I packed as much as I could of the cranberry mix into a 1 qt jar, capped it, and set it in line with all my other ferments. Then I was stuck with about a cup of cranberry sauce left over — I gave some to my room-mate (she liked it), and I ate the rest.
I’m fermenting that jar for 3 or 4 days, so I’ll let you know with the report on everything else on the shelf.
Thursday, Friday, Saturday, Sunday… we’ll see… maybe Monday?


GRAND OPENING: Cultured Butternut Squash

POST #858
Back to the fermented butternut squash I told you about several days ago.

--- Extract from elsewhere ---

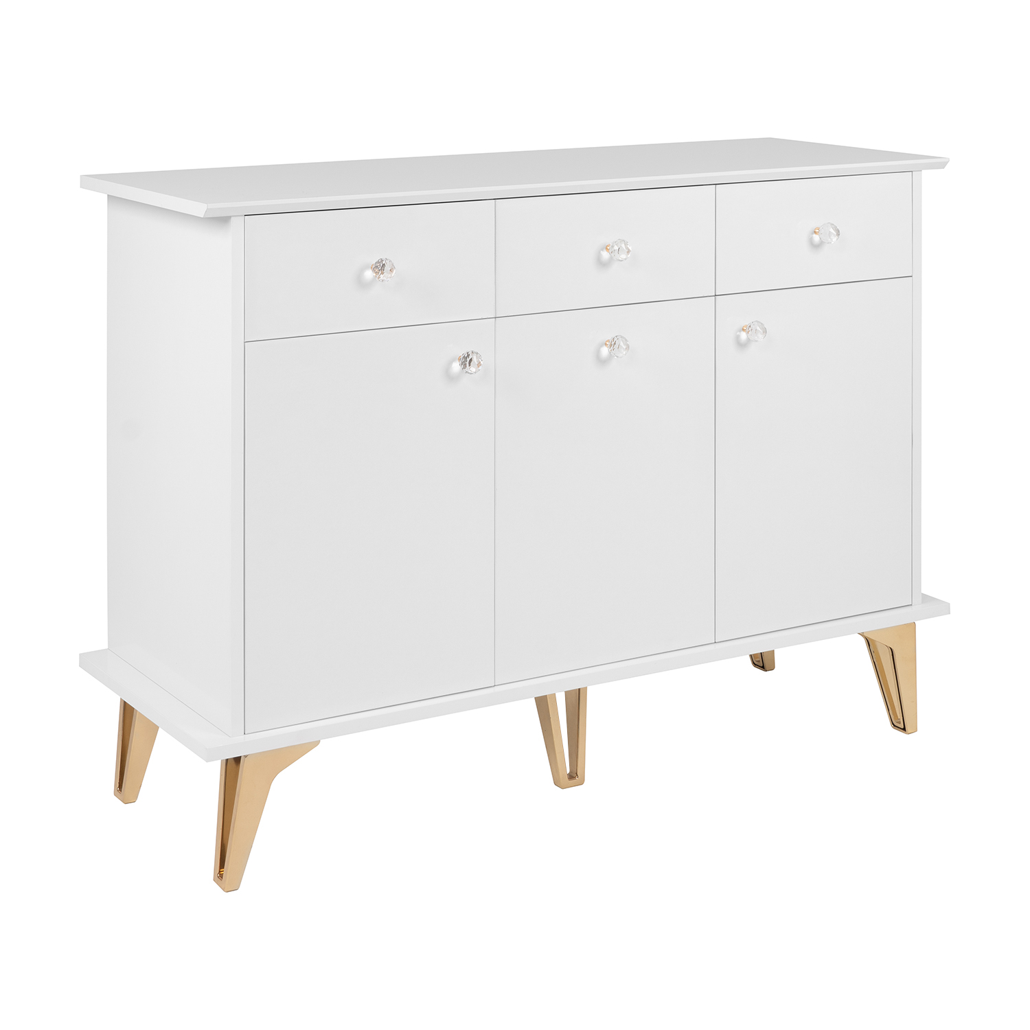 barevné provedení lesklá bílá skleněné úchytky ve vzhledu diamant plastové nohy ve zlaté barvě, výška nohy 19 cm 2 dvířka, vnitřní prostor dělený na 4...
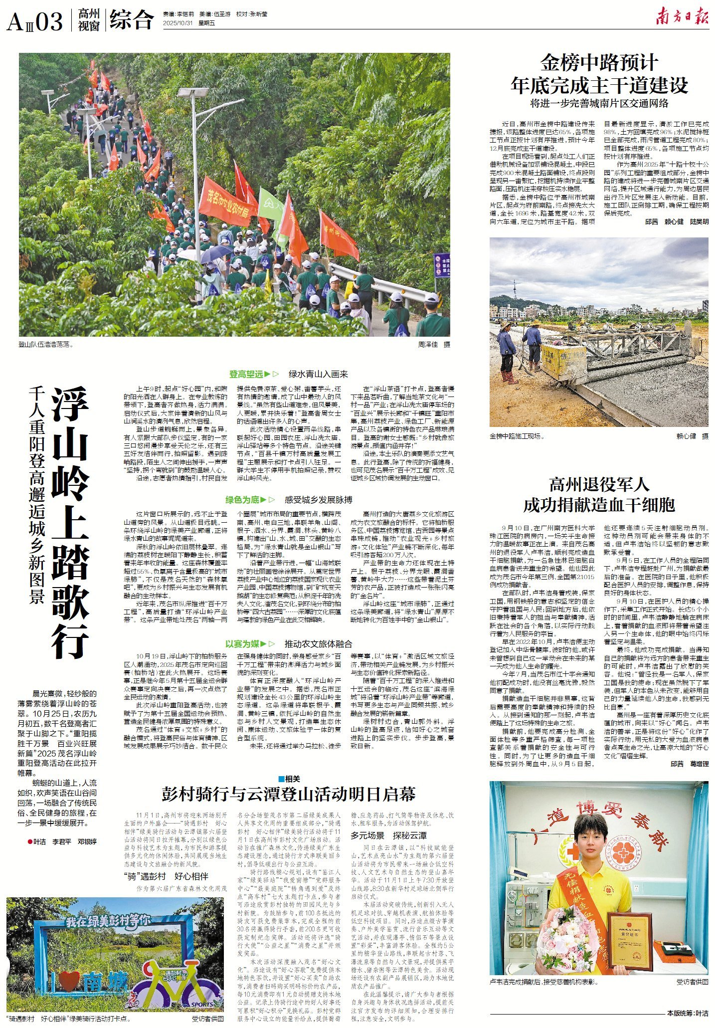 速览《南方日报·高州视窗》第208期精彩报道(点击标题即可查看原文)第1版首批超700个车位“智”解停车难停车不难 回家更暖第2版解锁基层治理“善治密码”用法治书写文明乡村答卷第3版浮山岭上踏歌行金榜中路预计年底完成主干道建设高州退役军人成功捐献造血干细胞第4版年过九旬刻刀未停 木屑深处乡情流淌 南方日报、南方+客户端原创,未经授权不得转载 编辑 何嘉琪 订阅后可查看全文(剩余80%)

This was “opening night”!  WOO-HOO!
I want you to know that I have squirmed every day and night since I put that stuff up.  Because of the smell the fermenting gave off, I was afraid I had put in too much garlic, and then I worried I had put in too much jalapeno.  I had already started planning what I could do with it if I couldn’t eat it straight out of the jar.  (I’ve never gone through so much agony over a ferment before)

Well, tonight was the night I decided to open it up.  Tentatively, I took a heaping forkful out and put it in a bowl. Even more tentatively, I took a small forkful in my mouth!

Oh my!  Heavens!  Goodness! Woo-hoo! Oh boy! Wow!  This stuff beats tomato salsa in sweet flavor.  The squash is soft (the way I had hoped it would be — easy chewing), and the flavor is …. pickled!  Amazing!  I did not put any vinegar in the mix, but you’d think I had, from the bright, sweet flavor.  The garlic is not overwhelming, and the jalapeno just gives a mild zing.  I love that vinegary taste, for sure.

I combined it half and half with a “TuNo” mix, and ate a big bowl of it.

I can see grinding this up fine and making a spread to put on other food, or sandwiches, or use as a dip.  I could use it as a soup base.  I could use it as a salad base and add some sprouts (that reminds me, I need to make some new lentil sprouts).

Suffice it to say – this stuff is yummy!

This is stuff I could get hungry for all over the place  (and I don’t get hungry for much).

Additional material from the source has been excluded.